Predicting Coronary Heart Disease

This tutorial will discuss how to build classification model and how to evaluate a model.

Topics covered in this tutorial

  • Basic exploration of data before building models
  • Encoding categorical features
  • Splitting datasets into train and test datasets
  • Build a Logistics Regression Model
  • How logit funtion, log odds, odds and probabilities are related
  • How to find probabilities from the logistic model
  • Find overall accuracy of the model
  • Understand Confusion matrix
  • Understand TPR, FPR, Precision, Recall, Sensitivity & Speficity
  • Understand ROC and how it is used
  • Find optimal Cutoff probability

Here is an intersting problem of understanding what factors contribute to CHD and can CHD be predicted by building an analytical model.
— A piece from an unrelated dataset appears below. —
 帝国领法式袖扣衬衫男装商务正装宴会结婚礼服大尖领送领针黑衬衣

The next two sections will introduce some basics of CHD, where the dataset is derived from and what are the attributes available in the dataset.
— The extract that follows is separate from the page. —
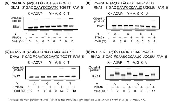 Evaluation of the crosslink reactivity of PNA3 to DNA and RNA. (A) PNA3a and target DNA1; (B) PNA3a and target RNA1; (C) PNA3b and target DNA2; (D) PNA3b and target RNA2.

What is coronary heart disease?

Coronary heart disease (CHD) is when your coronary arteries (the arteries that supply your heart muscle with oxygen-rich blood) become narrowed by a gradual build-up of fatty material within their walls. These arteries can become narrowed through build-up of plaque, which is made up of cholesterol and other substances. Narrowed arteries can cause symptoms, such as chest pain (angina), shortness of breath, and fatigue.

Dataset Description

Data is avaialable at: http://statweb.stanford.edu/~tibs/ElemStatLearn/datasets/ And header informtion is available at: http://statweb.stanford.edu/~tibs/ElemStatLearn/datasets/SAheart.info.txt

A retrospective sample of males in a heart-disease high-risk region of the Western Cape, South Africa. There are roughly two controls per case of CHD. Many of the CHD positive men have undergone blood pressure reduction treatment and other programs to reduce their risk factors after their CHD event. In some cases the measurements were made after these treatments. These data are taken from a larger dataset, described in Rousseauw et al, 1983, South African Medical Journal.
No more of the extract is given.